- [INSTRUCTIONS TO FOLLOW] The result should be the lines from the one holding "It is crafted" to the end of the records below, repeated exactly. No pictures.

---*---

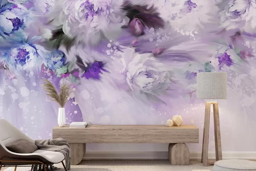 Papiers peints Acrylique pivoines, coups de pinceau, floral, couleurs pastel violettes douces
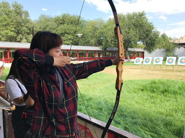 游人在锡伯古城体验射箭 新华网 周欣摄
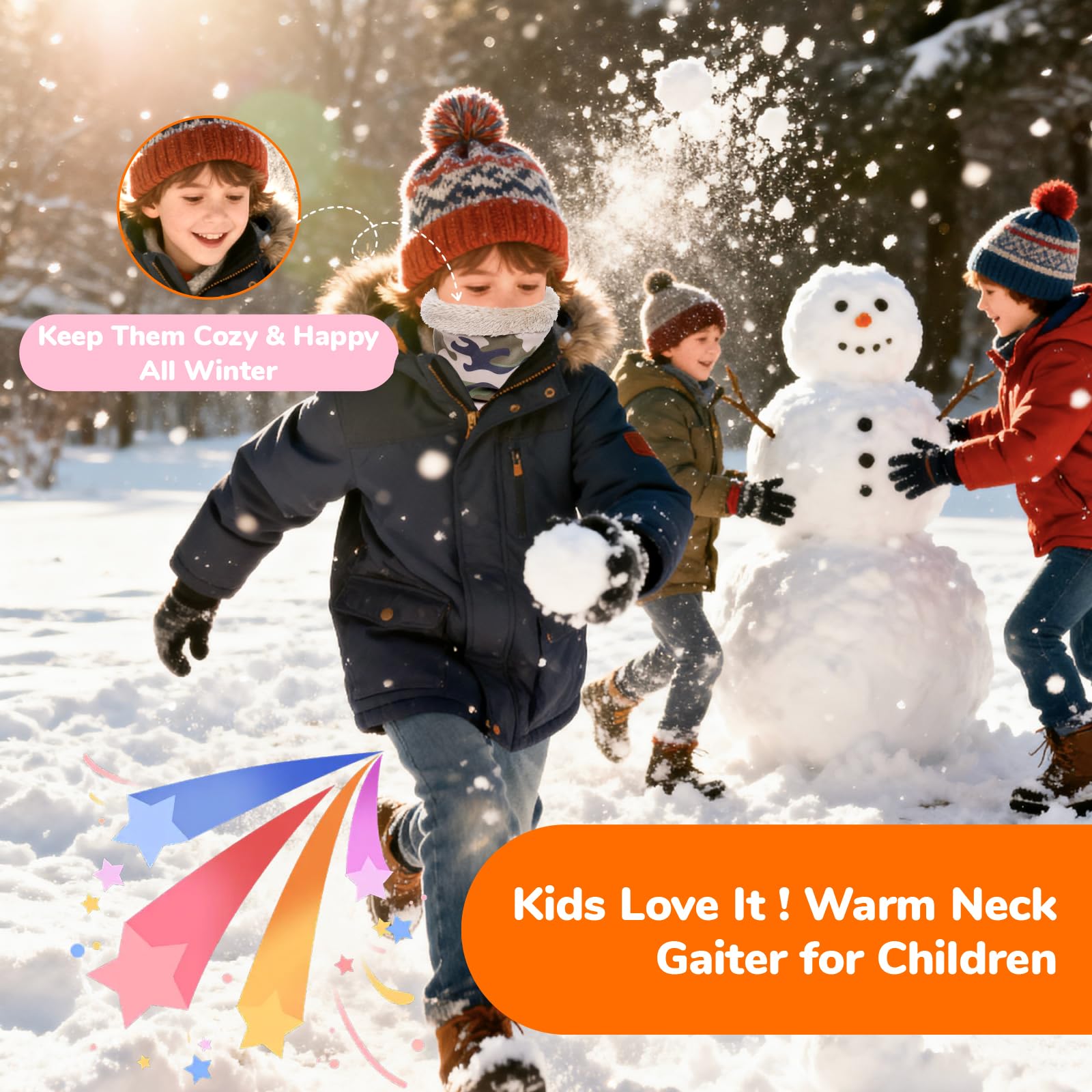 - 【Stylish Versatility】: This double-layered, fleece-lined winter neck warmer combines high elasticity with durability. It can be stretched to function as a neck gaiter, scarf, face mask, balaclava or headband, suitable for most children aged 4-13. Effortlessly pairs with the majority of winter outfits.
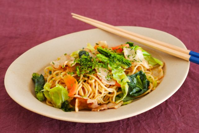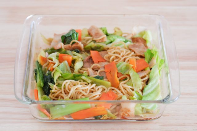 野菜から出た水分で粉末ソースも絡みやすく、再度加熱することで香ばしさもプラスできますよ。
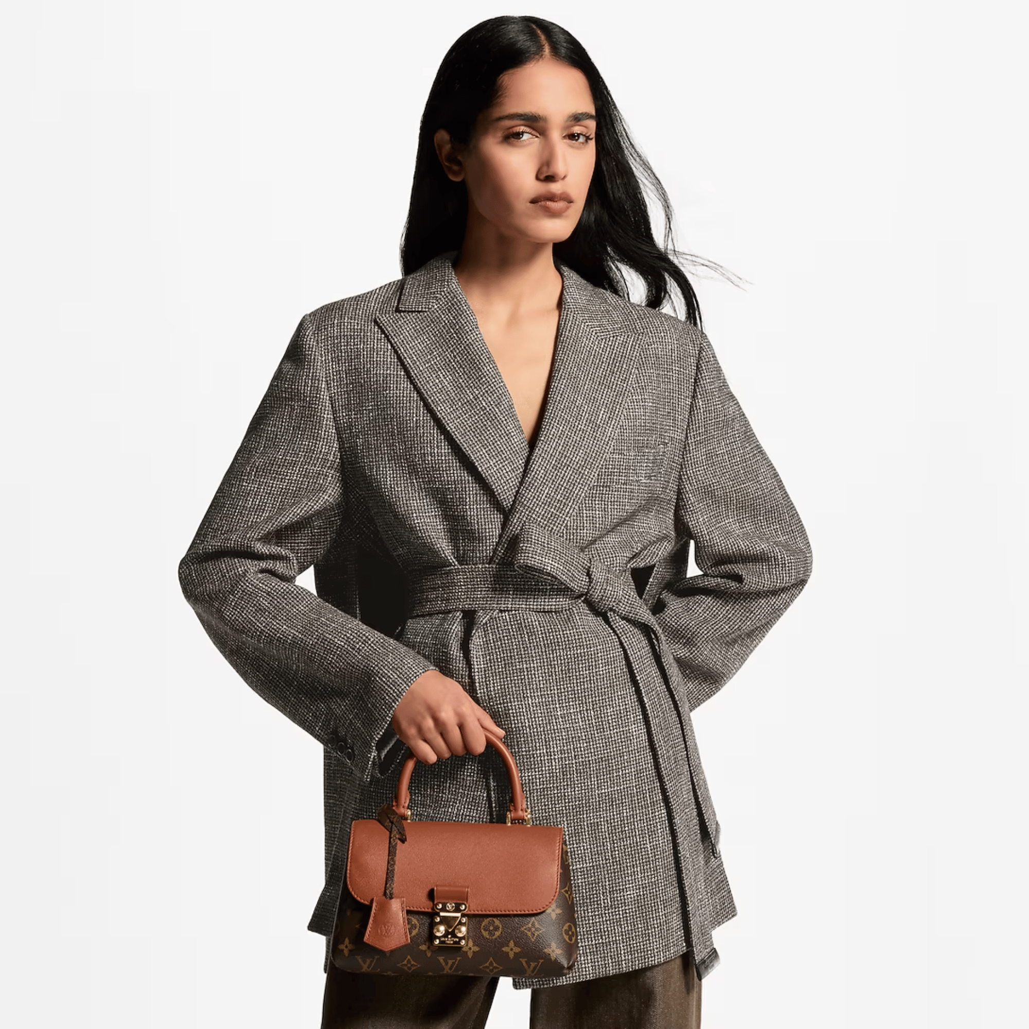 It is crafted from canvas elevated with the iconic emblematic pattern and features smooth leather trims along the flap, handle and signature name tag. The sleek gold-toned S-lock pays tribute to the Louis Vuitton archives, lending a polished finish.
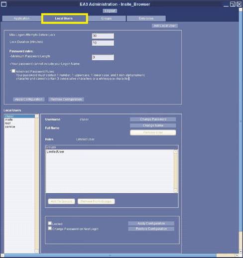 A detailed explanation and instructions on configuring Local and Enterprise User Accounts for the system using the EA3 Admin Browser Utility can be found in the System’s User or Learning and Reference Guide Manuals. The EA3 Admin Browser Utility is the tool used for configuring User Accounts.
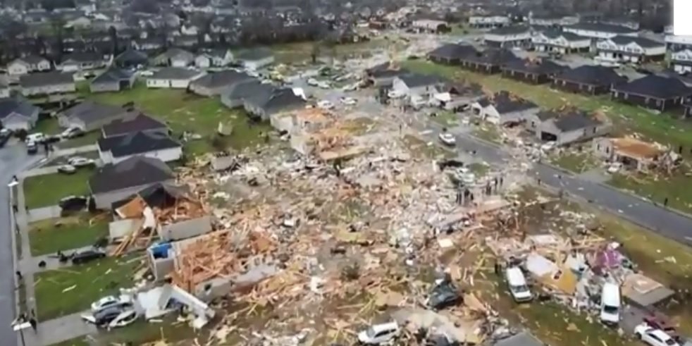 Cerca de 53.000 de seus concidadãos, de acordo com o Poweroutrage.us, passaram o fim de semana inteiro sem energia depois que a rede de energia foi seriamente danificada. Um dos tornados desfilou em sua silhueta escura por quase 400 quilômetros e devastou o centro de Mayfield, a igreja, o tribunal, a loja de pneus e dezenas de casas.
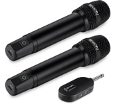 Два беспроводных микрофона. Тип микрофона - динамический. Несущая частота: VHF 174 - 230 МГц. Чувствительность: 108 дБ. Динамический диапазон усилителя: 100дБ. Диаграмма - кардиоидная. Номинальное сопротивление: 600 Ом±15%. Частотный диапазон: 20 - 20000 Гц. Уровень выходного сигнала: 500 мВ. Дистанция приема: до 50 м. Доступные для выбора каналы: 2. Размеры микрофона: 245х50 мм.

---*---

- [RESPONSE TO THE EXERCISE]
 It is crafted from canvas elevated with the iconic emblematic pattern and features smooth leather trims along the flap, handle and signature name tag. The sleek gold-toned S-lock pays tribute to the Louis Vuitton archives, lending a polished finish.
 A detailed explanation and instructions on configuring Local and Enterprise User Accounts for the system using the EA3 Admin Browser Utility can be found in the System’s User or Learning and Reference Guide Manuals. The EA3 Admin Browser Utility is the tool used for configuring User Accounts.
 Cerca de 53.000 de seus concidadãos, de acordo com o Poweroutrage.us, passaram o fim de semana inteiro sem energia depois que a rede de energia foi seriamente danificada. Um dos tornados desfilou em sua silhueta escura por quase 400 quilômetros e devastou o centro de Mayfield, a igreja, o tribunal, a loja de pneus e dezenas de casas.
 Два беспроводных микрофона. Тип микрофона - динамический. Несущая частота: VHF 174 - 230 МГц. Чувствительность: 108 дБ. Динамический диапазон усилителя: 100дБ. Диаграмма - кардиоидная. Номинальное сопротивление: 600 Ом±15%. Частотный диапазон: 20 - 20000 Гц. Уровень выходного сигнала: 500 мВ. Дистанция приема: до 50 м. Доступные для выбора каналы: 2. Размеры микрофона: 245х50 мм.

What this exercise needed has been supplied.